▸ **Exercise**
In the listing below, find the line containing "周瑜的伤害高又有点燃效果,范围大几乎就是一秒一大片。" and the line containing "und dickes Folienmaterial", then copy exactly everything from the first through the second, except the pictures.

▸ **Records to use**
★ ★ ★ ★ ★

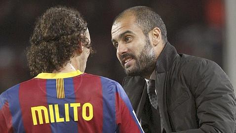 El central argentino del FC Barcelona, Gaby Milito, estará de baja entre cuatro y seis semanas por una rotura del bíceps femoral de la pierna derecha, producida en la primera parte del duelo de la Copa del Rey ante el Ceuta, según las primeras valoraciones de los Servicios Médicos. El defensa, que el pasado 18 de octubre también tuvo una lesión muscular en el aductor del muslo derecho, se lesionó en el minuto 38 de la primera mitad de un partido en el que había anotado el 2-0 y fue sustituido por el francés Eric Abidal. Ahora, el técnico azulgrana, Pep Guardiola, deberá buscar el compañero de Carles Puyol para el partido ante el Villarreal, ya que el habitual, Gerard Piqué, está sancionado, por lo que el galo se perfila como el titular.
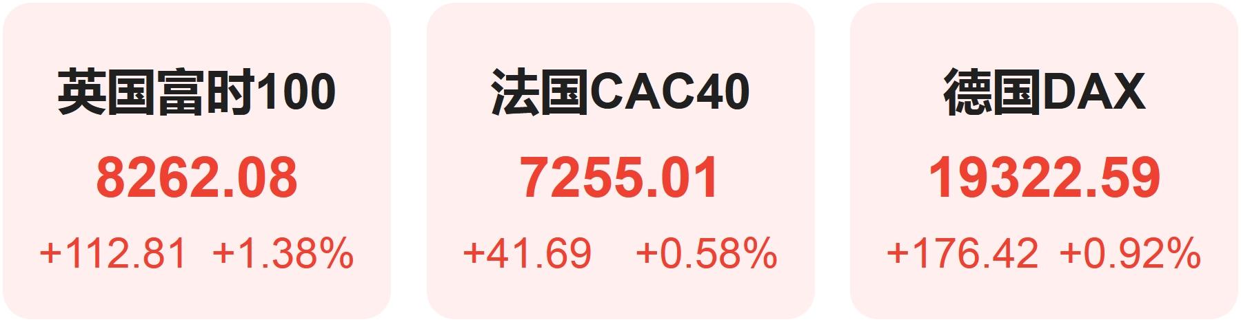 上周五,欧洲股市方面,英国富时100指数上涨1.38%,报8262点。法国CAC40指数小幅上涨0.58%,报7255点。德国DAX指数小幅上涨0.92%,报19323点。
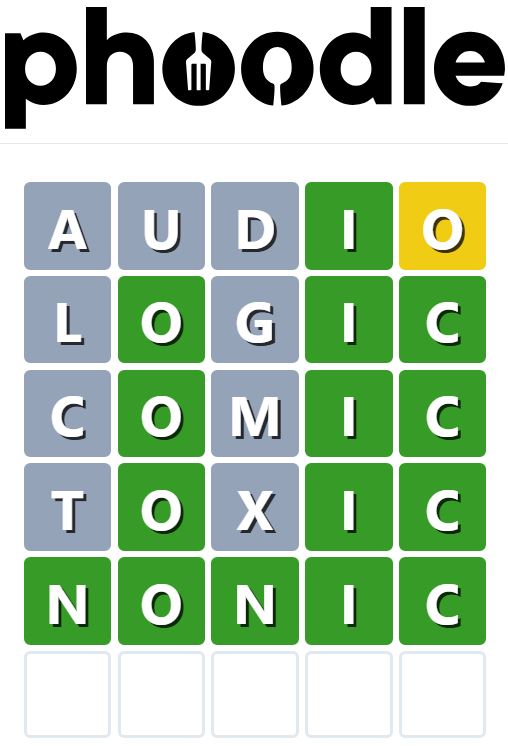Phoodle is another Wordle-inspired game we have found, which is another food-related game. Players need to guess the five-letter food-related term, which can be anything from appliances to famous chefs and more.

★ ★ ★ ★ ★

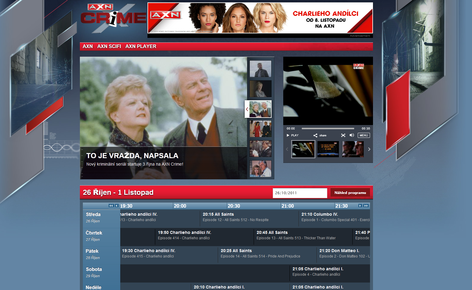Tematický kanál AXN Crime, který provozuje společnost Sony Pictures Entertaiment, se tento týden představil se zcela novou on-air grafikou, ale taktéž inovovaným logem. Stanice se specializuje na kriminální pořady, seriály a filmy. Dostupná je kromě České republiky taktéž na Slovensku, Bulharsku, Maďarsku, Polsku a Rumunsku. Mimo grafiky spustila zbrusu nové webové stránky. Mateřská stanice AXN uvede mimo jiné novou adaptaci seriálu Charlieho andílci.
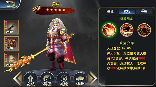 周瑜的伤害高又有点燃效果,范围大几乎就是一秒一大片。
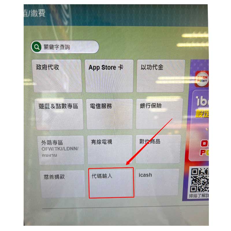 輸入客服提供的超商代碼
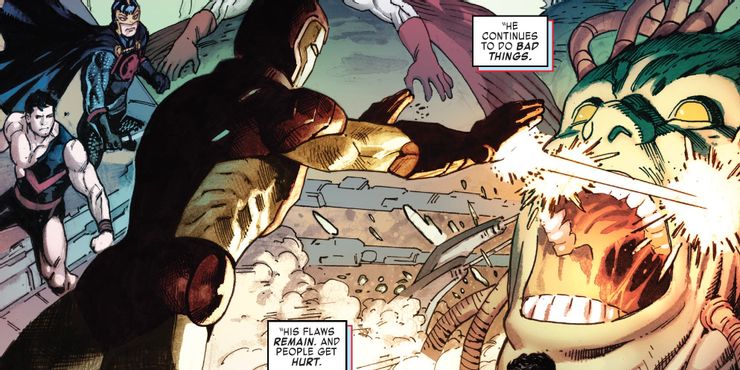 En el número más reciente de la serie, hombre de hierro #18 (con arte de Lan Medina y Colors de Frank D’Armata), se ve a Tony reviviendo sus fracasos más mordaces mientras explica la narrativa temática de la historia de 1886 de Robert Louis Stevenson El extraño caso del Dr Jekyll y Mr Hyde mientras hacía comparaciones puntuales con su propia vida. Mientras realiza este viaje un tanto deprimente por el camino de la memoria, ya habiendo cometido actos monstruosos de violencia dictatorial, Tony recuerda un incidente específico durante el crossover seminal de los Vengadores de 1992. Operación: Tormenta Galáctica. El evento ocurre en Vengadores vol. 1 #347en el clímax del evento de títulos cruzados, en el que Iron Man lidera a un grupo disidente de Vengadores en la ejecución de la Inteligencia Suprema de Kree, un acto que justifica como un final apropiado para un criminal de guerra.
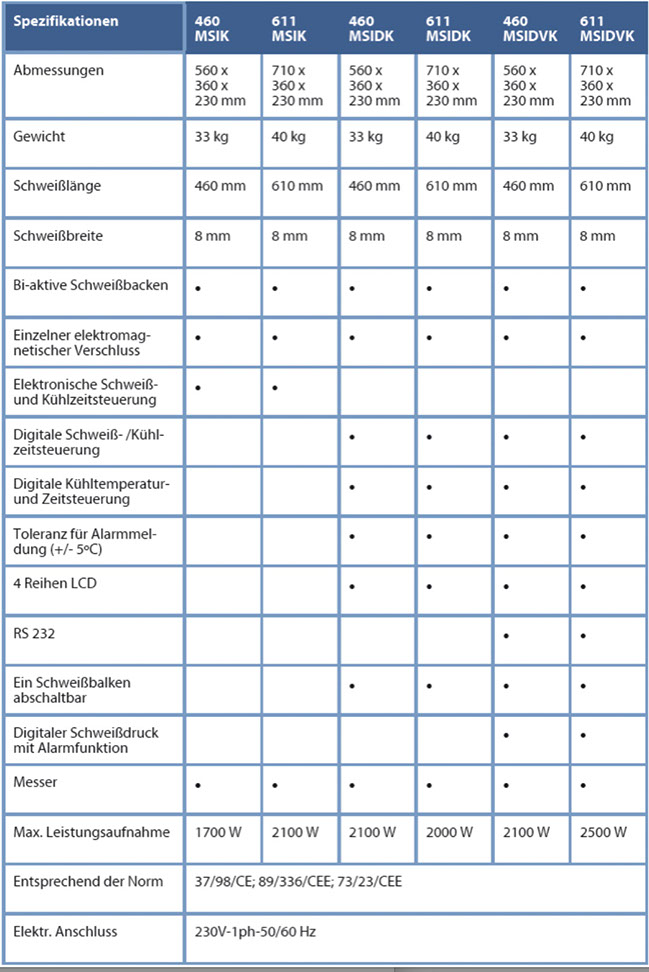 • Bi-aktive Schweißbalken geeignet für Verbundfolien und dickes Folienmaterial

★ ★ ★ ★ ★

▸ **Solution for this exercise**
 周瑜的伤害高又有点燃效果,范围大几乎就是一秒一大片。
 輸入客服提供的超商代碼
 En el número más reciente de la serie, hombre de hierro #18 (con arte de Lan Medina y Colors de Frank D’Armata), se ve a Tony reviviendo sus fracasos más mordaces mientras explica la narrativa temática de la historia de 1886 de Robert Louis Stevenson El extraño caso del Dr Jekyll y Mr Hyde mientras hacía comparaciones puntuales con su propia vida. Mientras realiza este viaje un tanto deprimente por el camino de la memoria, ya habiendo cometido actos monstruosos de violencia dictatorial, Tony recuerda un incidente específico durante el crossover seminal de los Vengadores de 1992. Operación: Tormenta Galáctica. El evento ocurre en Vengadores vol. 1 #347en el clímax del evento de títulos cruzados, en el que Iron Man lidera a un grupo disidente de Vengadores en la ejecución de la Inteligencia Suprema de Kree, un acto que justifica como un final apropiado para un criminal de guerra.
 • Bi-aktive Schweißbalken geeignet für Verbundfolien und dickes Folienmaterial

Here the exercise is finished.